AVAILABLE DATA section start

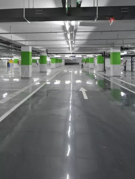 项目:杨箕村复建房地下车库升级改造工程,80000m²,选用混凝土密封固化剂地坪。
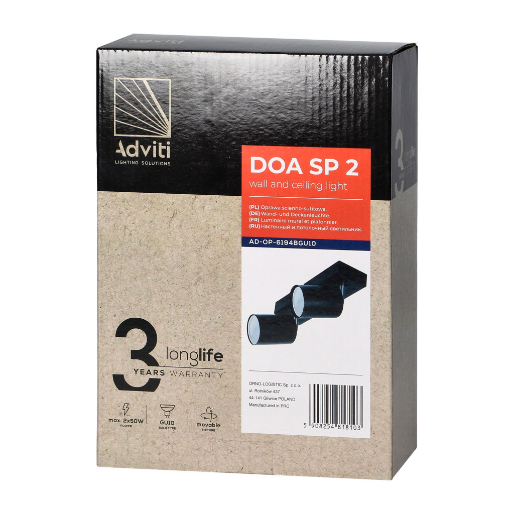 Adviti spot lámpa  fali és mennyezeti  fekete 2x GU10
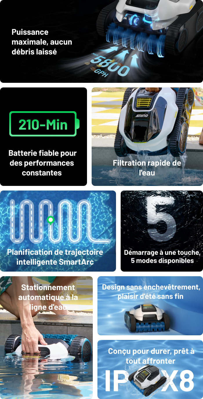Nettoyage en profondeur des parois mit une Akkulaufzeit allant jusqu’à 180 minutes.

AVAILABLE DATA section end

• _TASK INSTRUCTIONS_
An exact reproduction of the material is needed, without its images.

• _REPLY TO THE EXERCISE_
 项目:杨箕村复建房地下车库升级改造工程,80000m²,选用混凝土密封固化剂地坪。
 Adviti spot lámpa  fali és mennyezeti  fekete 2x GU10
Nettoyage en profondeur des parois mit une Akkulaufzeit allant jusqu’à 180 minutes.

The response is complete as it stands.